I'll add other things if they come up, hopefully they won't.

Event Timeline

There are a very large number of changes, so older changes are hidden. Show Older Changes

Hey @ArielGlenn https://api.enterprise.wikimedia.com/v1/docs/index.html is the new hostname. Sorry, I thought I sent you an email with additional info. Should have posted it here initially.

Thanks, I've got things working now. The hostname was wrong :-) And I forgot to save this comment, written on the same day you answered my question!

I'll be doing some live testing on the labstore web server on Monday, a script that is not perfect but is ok for testing is ready to go, but just in case it saturates disk or bandwidth we don't want any pages on the weekends. WMCS folks have it on their radar.

@Protsack.stephan Just a note that when I retrieved the full list of projects and sizes a couple days ago, the size listed for alswiki was

{"name":"Wikipedia","identifier":"alswiki","url":"https://als.wikipedia.org","version":"bf26de5468eb5139d3c34b2cf58f1d2b","date_modified":"2021-10-12T00:14:26.239013126Z","size":{"value":7.89,"unit_text":"MB"}},

and now today's list seems ok. Any idea what's going on there? It's not that I use these sizes for anything but that seems concerning. (Size listed today is 272.5 MB)

We were missing some data on couple of projects, so I ran couple of scripts to fix that. And this project was one of them.

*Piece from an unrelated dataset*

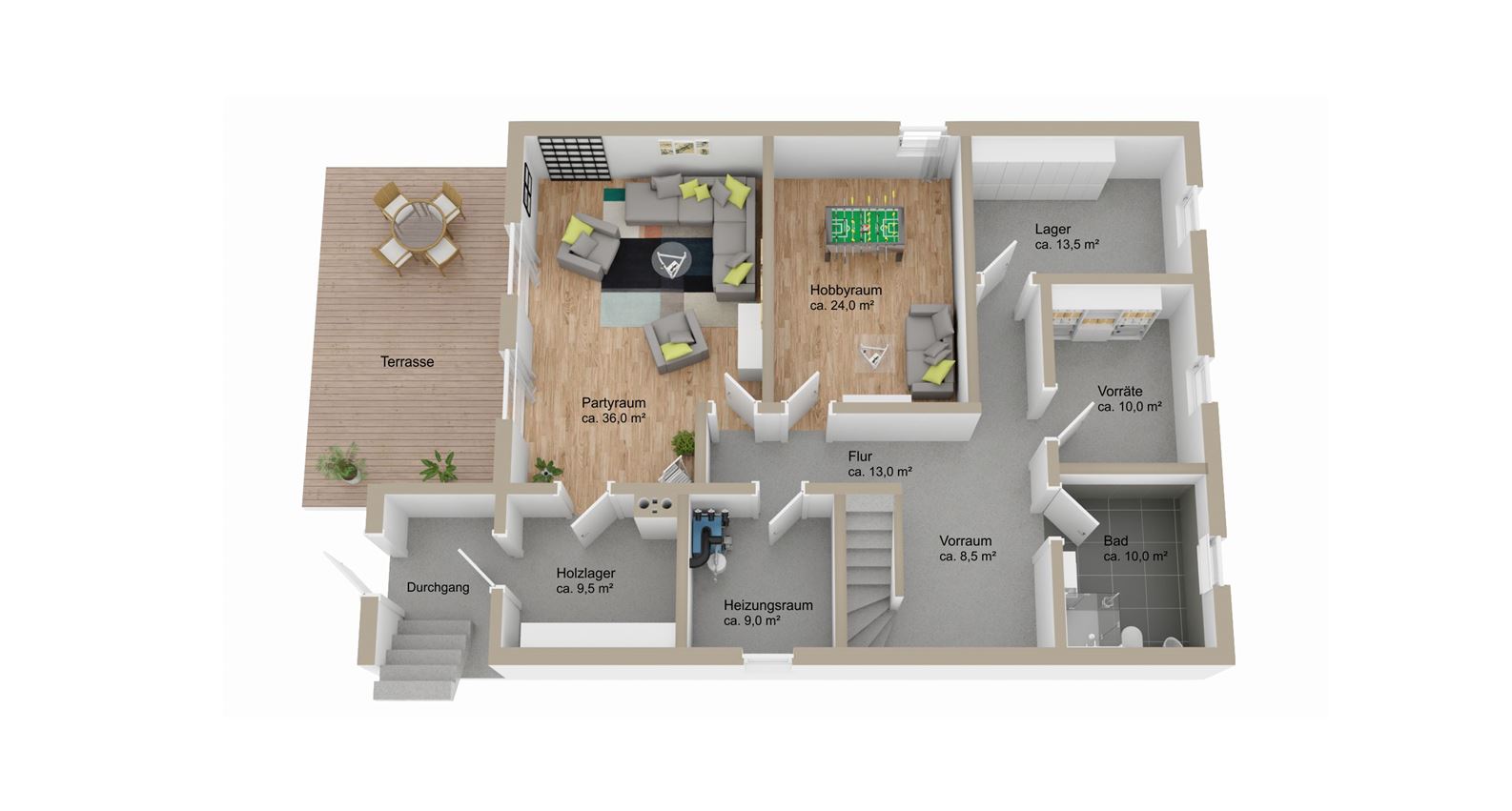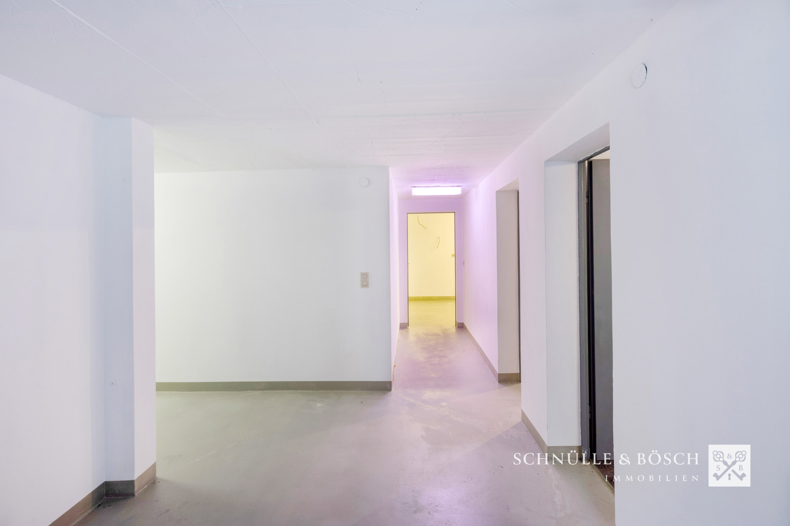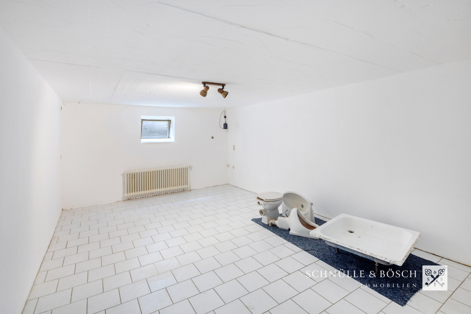 Vom Flur aus geht es auch in den Keller. Das Haus ist vollständig unterkellert und durch die leichte Hanglage erhält dieser Bereich auf der Ostseite viel Tageslicht. Der Keller mit seinen knapp 132 m² bietet ausreichend Platz für Hobbys, Fitnessraum, Spielzimmer und weiteren Stauraum. Mit einem eigenen Außenzugang können Sie sich direkt nach der Gartenarbeit im Keller umziehen und der Schmutz bleibt außerhalb des Wohnbereiches. Auch für eine Werkstatt, einen Partyraum oder die Carrera-Bahn ist hier Platz.
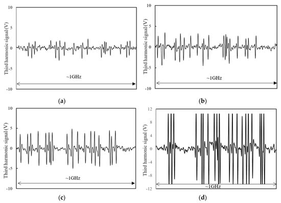 The experimental condition and the experimental setup for the locking frequency of the LD are shown in Table 1 and Figure 3, respectively. In the experiment, an LD (6304, New Focus, Irvine, California, USA) at a wavelength of 633 nm was used. The frequency of the LD was modulated by modulating the injection current at 1 MHz and scanned continuously over a range of 1 GHz to detect the hyperfine structure at the transition 6–3, P(33) of 127I2. The hyperfine structure was observed by detecting the third harmonic of the saturated absorption signals deduced by LIAs. In this research, a high bandwidth LIA up to 50 MHz was employed (HF2LI Lock-in Amplifier, Zurich Instruments, Zurich, Switzerland). The I2 cell was 100 mm long, and the cold-finger temperature of the cell was kept at 15 °C using a thermal electric cooler (TEC 3-6, Thorlabs Inc., Newton, NJ, USA). In order to obtain a high-frequency stability level for the LD, a high signal-to-noise ratio of the absorption signal was required. The absorption signal depends on the modulation frequency, the modulation excursion, and the physical parameters of the absorber cell (length, pressure, and purity) []. Moreover, in the interferometer, the modulation excursion also affects all the harmonic intensities depending on the modulation index. Therefore, a suitable modulation excursion was determined to enhance both the signal-to-noise ratio of the absorption signal and the harmonics intensities. The hyperfine spectrum of the transition 6–3, P(33), the b1–b21 components, was obtained by the LIA, with some values of the modulation excursion being shown in Figure 4.

So no worries, don't envision this kind of rapid size growth in the future.

Ah no, I knew the project hand't grown, because I checked the xml/sql dumps. But I was concerned that data was incorrect or missing. Thanks.

Script suitable for testing with minimal monitoring now at https://github.com/apergos/okapi-downloader and I expect to do at least a partial test run later today.

Change 731768 had a related patch set uploaded (by ArielGlenn; author: ArielGlenn):

[operations/puppet@production] index page and directory for Wikimedia Enterprise HTML dumps

https://gerrit.wikimedia.org/r/731768

I am starting a test run of the script wm_enterprise_downlaoder.py in a screen session created by the user 'ariel' on labstore1006.wikimedia.org; the script is running as the dumpsgen user. You can see what it is doing by looking at /var/lib/dumpsgen/html_downloader.log on the same host.

Let's see how it goes!

Namespace 6 has completed, and namespace 14 is underway.

Amazing :), excited to see how it does!

The script just completed, for a runtime of less than 15 hours, not bad at all. Now to do the integrity checks.

Nice, thanks for keeping us posted.

Files look great. I'll make them available soon, without a public mailing or announcement though, that's y'all's department :-)

Integrity checks took 30 minutes total to cmoplete, I'll likely fold that check directly into the download script.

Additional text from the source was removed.